**Work task**
In the entries below, find the line with "就在亚洲球队接连失利、告别 2022 卡塔尔世界杯之时, ChatGPT" and the line with "工程監(jiān)理企業(yè)資質(zhì)證書(shū)". Repeat exactly everything between them, those two lines included, but not the pictures.

**Provided information**
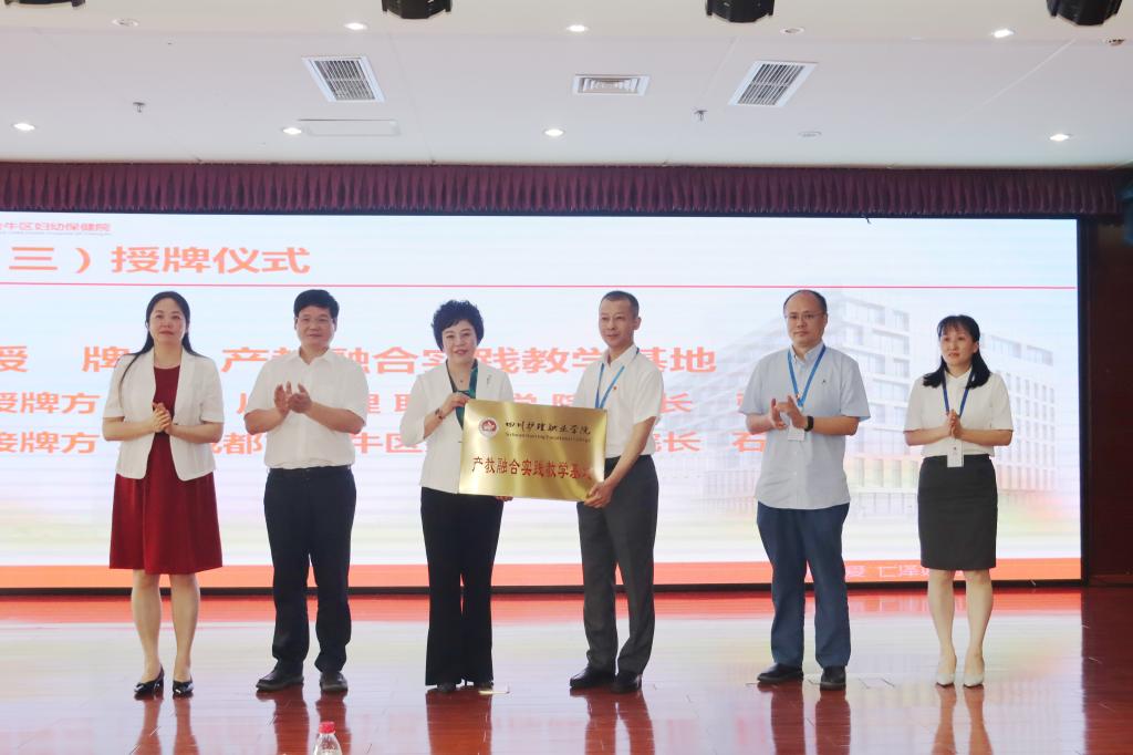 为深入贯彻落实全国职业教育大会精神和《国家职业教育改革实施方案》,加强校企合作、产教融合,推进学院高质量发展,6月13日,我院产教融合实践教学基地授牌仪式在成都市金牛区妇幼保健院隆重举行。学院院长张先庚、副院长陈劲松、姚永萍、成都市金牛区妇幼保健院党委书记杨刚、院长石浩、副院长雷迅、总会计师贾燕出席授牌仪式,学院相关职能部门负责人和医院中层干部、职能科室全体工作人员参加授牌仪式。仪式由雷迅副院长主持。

==

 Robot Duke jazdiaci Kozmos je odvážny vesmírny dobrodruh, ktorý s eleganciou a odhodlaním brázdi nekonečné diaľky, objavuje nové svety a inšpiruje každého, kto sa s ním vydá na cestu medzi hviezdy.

* * *

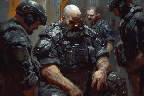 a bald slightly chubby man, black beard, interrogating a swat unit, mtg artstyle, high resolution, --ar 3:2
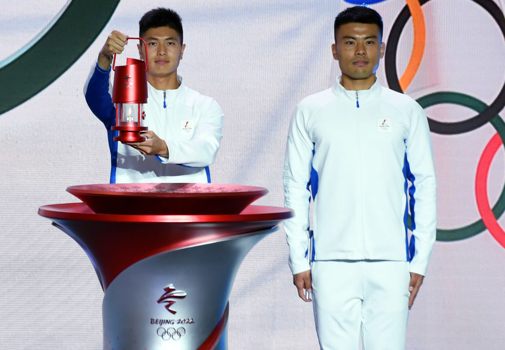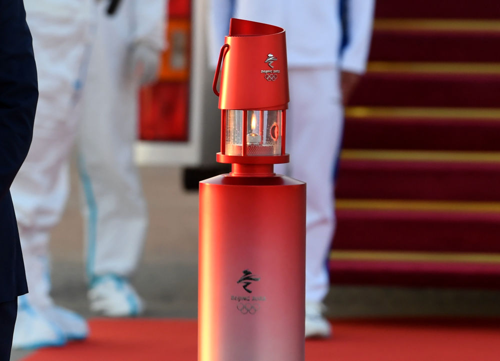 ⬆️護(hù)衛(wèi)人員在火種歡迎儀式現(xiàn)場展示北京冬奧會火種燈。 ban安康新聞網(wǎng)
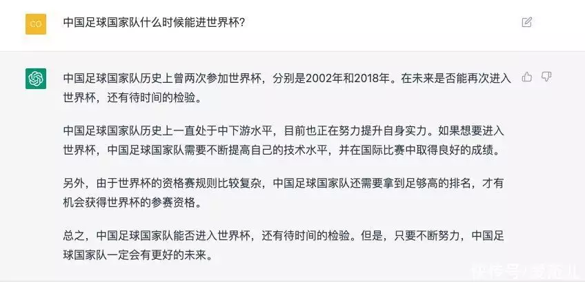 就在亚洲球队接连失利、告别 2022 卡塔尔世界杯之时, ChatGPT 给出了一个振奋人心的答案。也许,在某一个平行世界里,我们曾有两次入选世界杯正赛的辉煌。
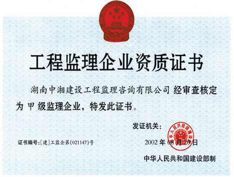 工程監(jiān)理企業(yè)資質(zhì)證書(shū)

**Solution for this problem**
 就在亚洲球队接连失利、告别 2022 卡塔尔世界杯之时, ChatGPT 给出了一个振奋人心的答案。也许,在某一个平行世界里,我们曾有两次入选世界杯正赛的辉煌。
 工程監(jiān)理企業(yè)資質(zhì)證書(shū)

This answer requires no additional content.